*Data section*
-- Opening Marker --
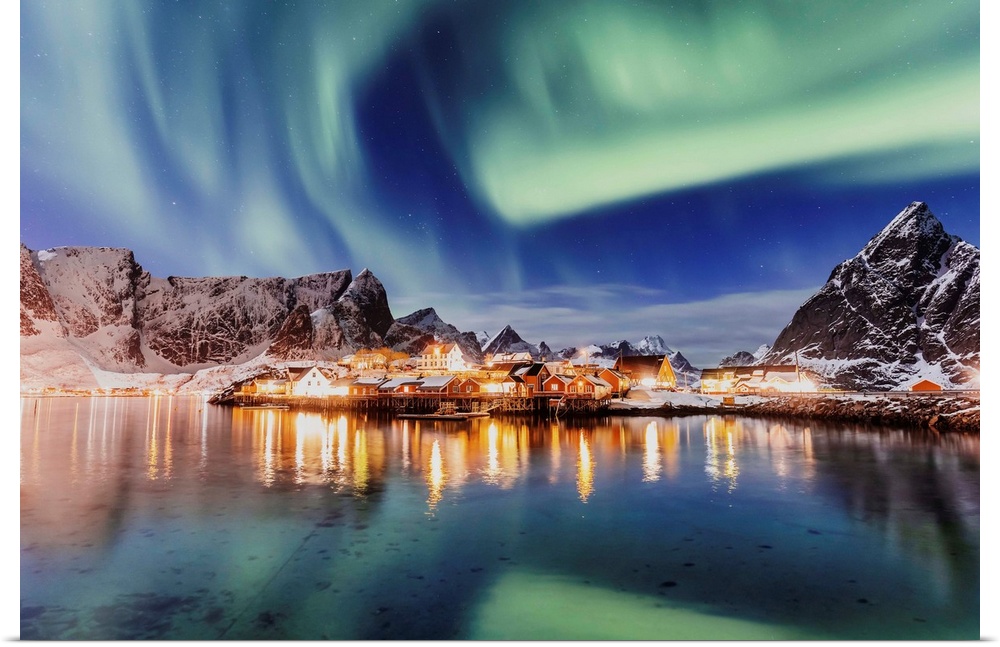 <p>Norway, Nordland, Lofoten Islands, Scandinavia, Moskenesoya, The northern lights in the sky above Sakrisoy village in Lofoten islands on a winter night with the mountains covered with snow</p>
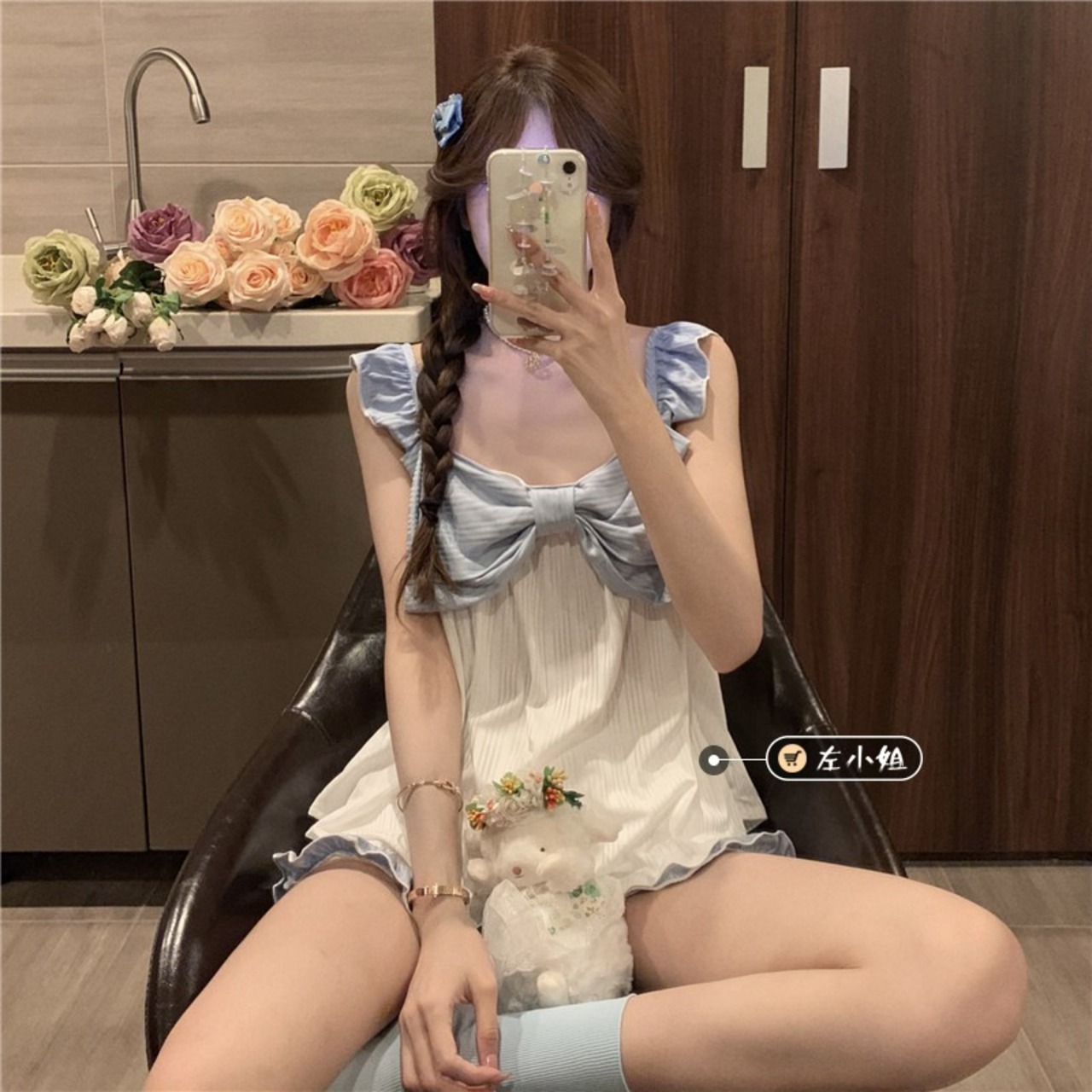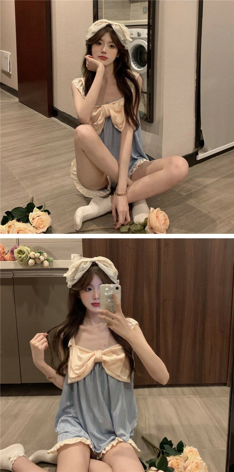 リボンショーツ レディースパジャマ夏服薄手スタイル上下セット 大人ガーリー スウィート キュート カジュアル 夏物 コーデ marchs6739669495881
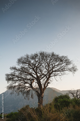 Fototapeta premium Old dry dead try with branches against mountains and sky
-- Closing Marker --
*Exercise instructions*
With the pictures set aside, copy each line above as written.

*Output*
 <p>Norway, Nordland, Lofoten Islands, Scandinavia, Moskenesoya, The northern lights in the sky above Sakrisoy village in Lofoten islands on a winter night with the mountains covered with snow</p>
 リボンショーツ レディースパジャマ夏服薄手スタイル上下セット 大人ガーリー スウィート キュート カジュアル 夏物 コーデ marchs6739669495881
 Fototapeta premium Old dry dead try with branches against mountains and sky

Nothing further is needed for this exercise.